** Work order **
Your job with the data below: print everything from the line that holds "Трехкомнатная квартира евроформата" down to the line that holds "Para mim basta-me", ends included, exactly, and nothing else.

** Dataset excerpts **
---------------
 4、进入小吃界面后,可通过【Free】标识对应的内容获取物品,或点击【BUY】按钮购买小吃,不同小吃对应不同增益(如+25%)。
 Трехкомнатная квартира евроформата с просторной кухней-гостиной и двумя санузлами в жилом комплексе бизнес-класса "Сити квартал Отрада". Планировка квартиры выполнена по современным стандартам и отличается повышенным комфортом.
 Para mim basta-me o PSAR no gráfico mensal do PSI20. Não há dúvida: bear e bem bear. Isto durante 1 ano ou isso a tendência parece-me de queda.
---------------
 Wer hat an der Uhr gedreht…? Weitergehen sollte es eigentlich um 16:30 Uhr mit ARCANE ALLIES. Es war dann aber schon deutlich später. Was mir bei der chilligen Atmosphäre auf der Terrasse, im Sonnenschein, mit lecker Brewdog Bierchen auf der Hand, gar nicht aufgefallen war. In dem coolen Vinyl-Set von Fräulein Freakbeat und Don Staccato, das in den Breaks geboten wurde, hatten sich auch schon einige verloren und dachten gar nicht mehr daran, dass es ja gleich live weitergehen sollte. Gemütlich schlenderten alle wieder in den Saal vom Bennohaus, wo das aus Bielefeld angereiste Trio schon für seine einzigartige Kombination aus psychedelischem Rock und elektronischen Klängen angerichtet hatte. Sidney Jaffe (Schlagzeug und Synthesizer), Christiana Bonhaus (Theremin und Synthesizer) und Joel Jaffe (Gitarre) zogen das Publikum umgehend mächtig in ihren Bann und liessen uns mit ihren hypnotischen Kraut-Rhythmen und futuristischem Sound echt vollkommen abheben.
---------------
** Your solution **
 Трехкомнатная квартира евроформата с просторной кухней-гостиной и двумя санузлами в жилом комплексе бизнес-класса "Сити квартал Отрада". Планировка квартиры выполнена по современным стандартам и отличается повышенным комфортом.
 Para mim basta-me o PSAR no gráfico mensal do PSI20. Não há dúvida: bear e bem bear. Isto durante 1 ano ou isso a tendência parece-me de queda.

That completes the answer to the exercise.